Empowering emerging and developing countries toward new growth trajectories does not always and necessarily require huge pots of development finance. Infrastructure finance deployed by multilateral institutions and development banks is indeed important. It is country-owned, demand-driven approaches that secure and maintain the political will needed to implement inclusive growth policies toward which developing economies contribute significant resources of their own.

A good example is AFI’s Inclusive Green Finance workstream. With relatively small investment, we currently have policymaking institutions from 44 developing and emerging economies working together to leverage linkages between financial inclusion, green finance and emerging technologies. The political will is there, paving the way for important policy innovations by financial regulators for a recovery that is both inclusive and green. This is essential given that climate change will be a source of future shocks that will require the building of financial resilience, especially for those at the bottom of the pyramid.

Most importantly, the workstream gives voice to a vital group of stakeholders – both in terms of countries and type of institutions – within the broader global climate change debate. Its innovative policy approaches are balancing financial inclusion and sustainable growth and enabling pathways for development financing and private sector investment to be deployed wisely and cost-efficiently.

Inclusive and Green New Economy for resilient future

I am happy to refer once again to the wise words of Governor Benjamin Diokno from the Central Bank of the Philippines who, when the pandemic hit, explained that we should “prepare for a ‘new economy’, not a ‘new normal’, which is an oxymoron”. I looked up the meaning of “oxymoron” and found that it is a figure of speech in which two opposite ideas are joined to create an effect.

Considering our lessons outlined above, which are a public good, the notion of a “new economy” should be built around the experiences of the many countries that have recognized and understood the need for and have worked on financial and social inclusion over the past decade. Groups disproportionately affected by exclusion, such as women, youth and forcibly displaced persons, should be the focus when emergency and recovery responses are brought underway. Financial inclusion after COVID-19 can unlock and further drive economic participation among women and youth and enable transformative opportunities while leaving no one and their small business behind.

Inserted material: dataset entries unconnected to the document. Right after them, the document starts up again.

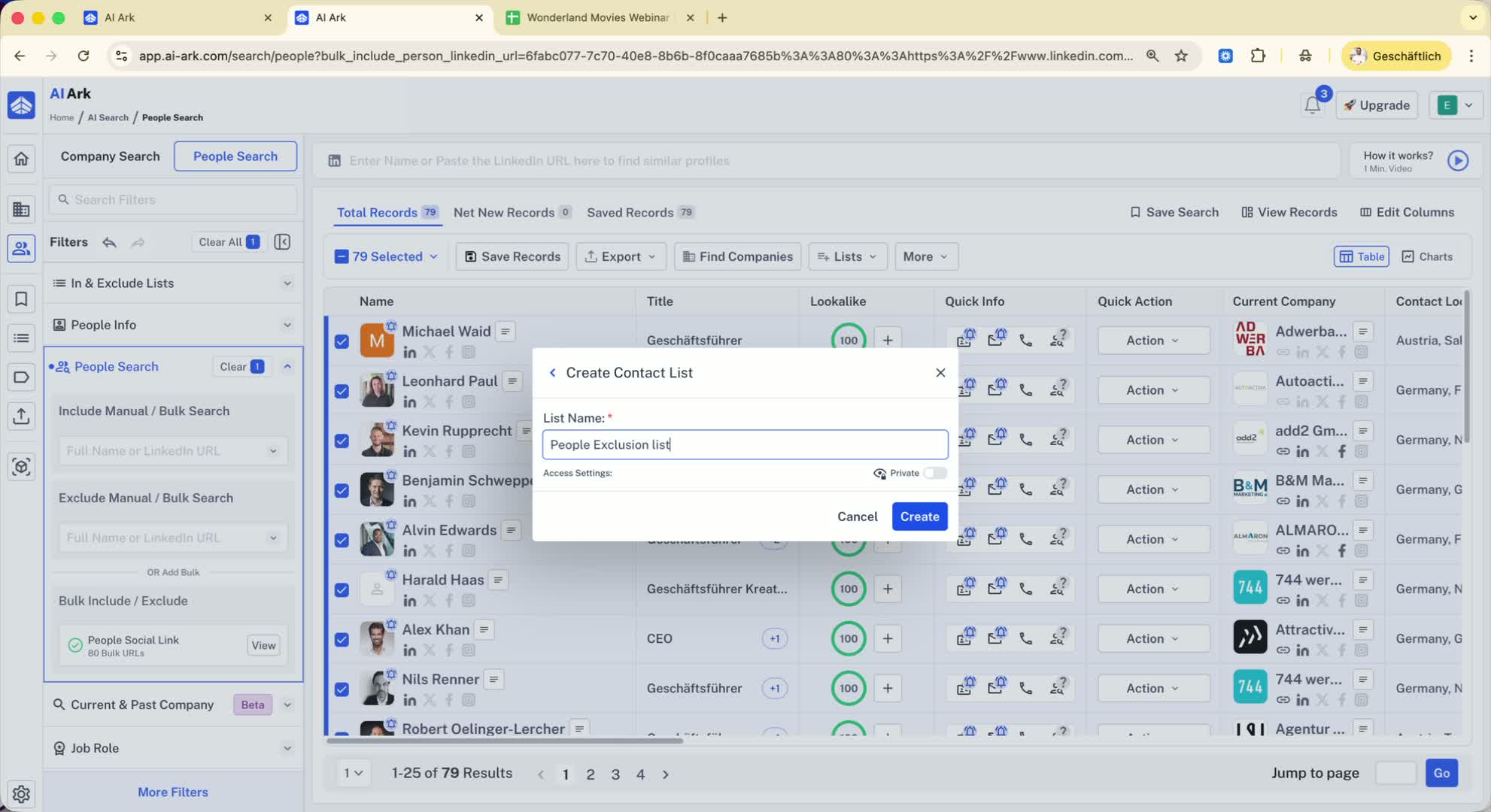 Apply selection and create a new list named 'People Exclusion List'.
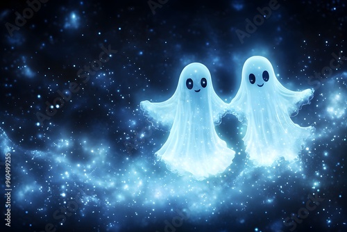 Charming Specters, Two playful ghosts intertwined in a whimsical dance, drifting through a moonlit night, exuding warmth and friendship.
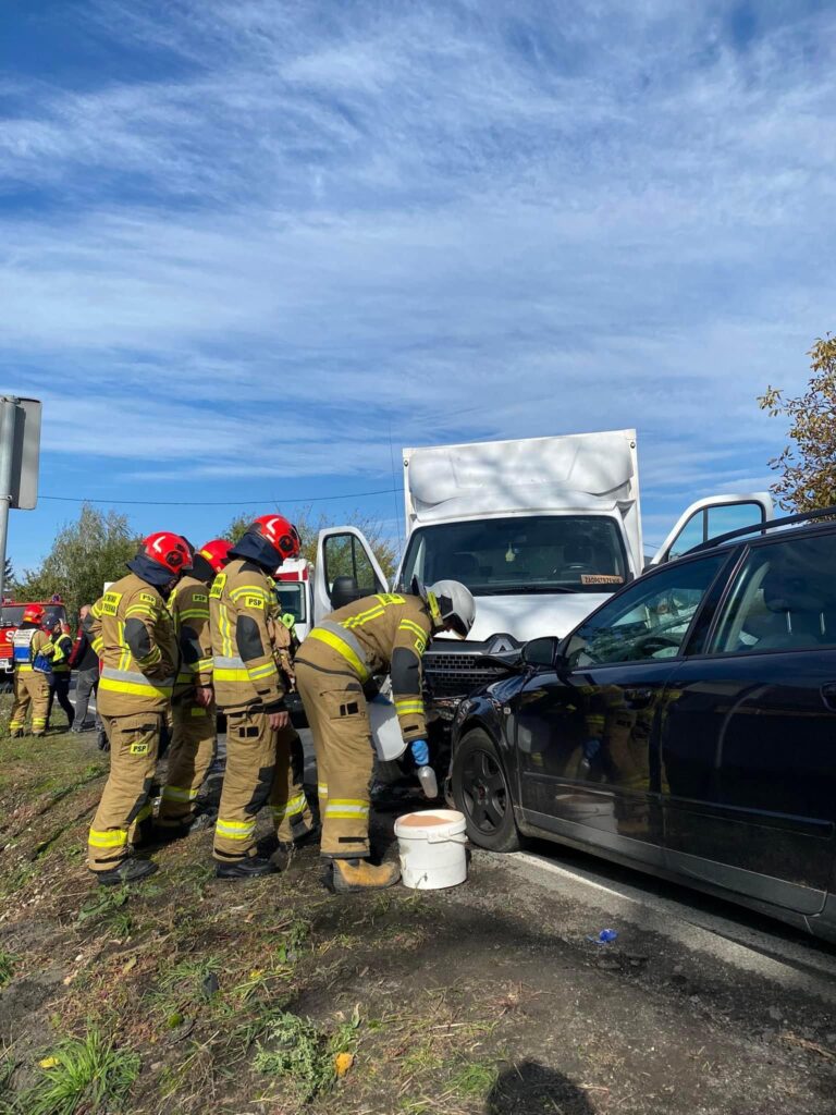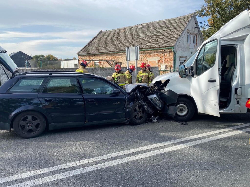 Doszło do zderzenia czołowego dwóch pojazdów – samochodu osobowego i samochodu dostawczego.

This crisis also offers opportunities to incorporate inclusive green finance into a recovery ushering in the dawn of a ‘new economy’ that is green, resilient and socially inclusive. Building resilience for future crises and risks, such as climate change, can be achieved by investing in low-carbon economies and in the well-being of the most vulnerable. This would enable a just transition that does not come at the expense of those at the base of the economic pyramid. COVID-19 can, therefore, be instrumental in revitalizing the crucial role of the SDGs to overcome the impact of the crisis on marginalized groups.

Finally, the future of financial inclusion and a broader recovery will continue to be shaped by technology. Emerging regulatory and policy frameworks suggest that there is scope for more innovation in the digital finance space, built on effective digital financial literacy solutions for existing customers such as the elderly and newly included groups, like women and youth. Regulators must ensure that new and arising risks are used in responsible, safe and sustainable ways that break down barriers and empower the marginalized and the excluded.

If we agree that further exclusion is not an option and move inclusivity to the core of our thinking and practice, we will be empowered to achieve a “normal” that may not be “new” but will be “better” than what we have been used to due to a solid foundation in the lessons we have learned in past years. We might even be in the position to make a humble contribution to what the second post-pandemic “Roaring Twenties” will be referred to in the history books of the future. However, unlike its predecessor a century ago – which partly contributed to the Great Depression –, the decade ahead of us might show more awareness of shared global challenges and address the disadvantage and inequality of the excluded.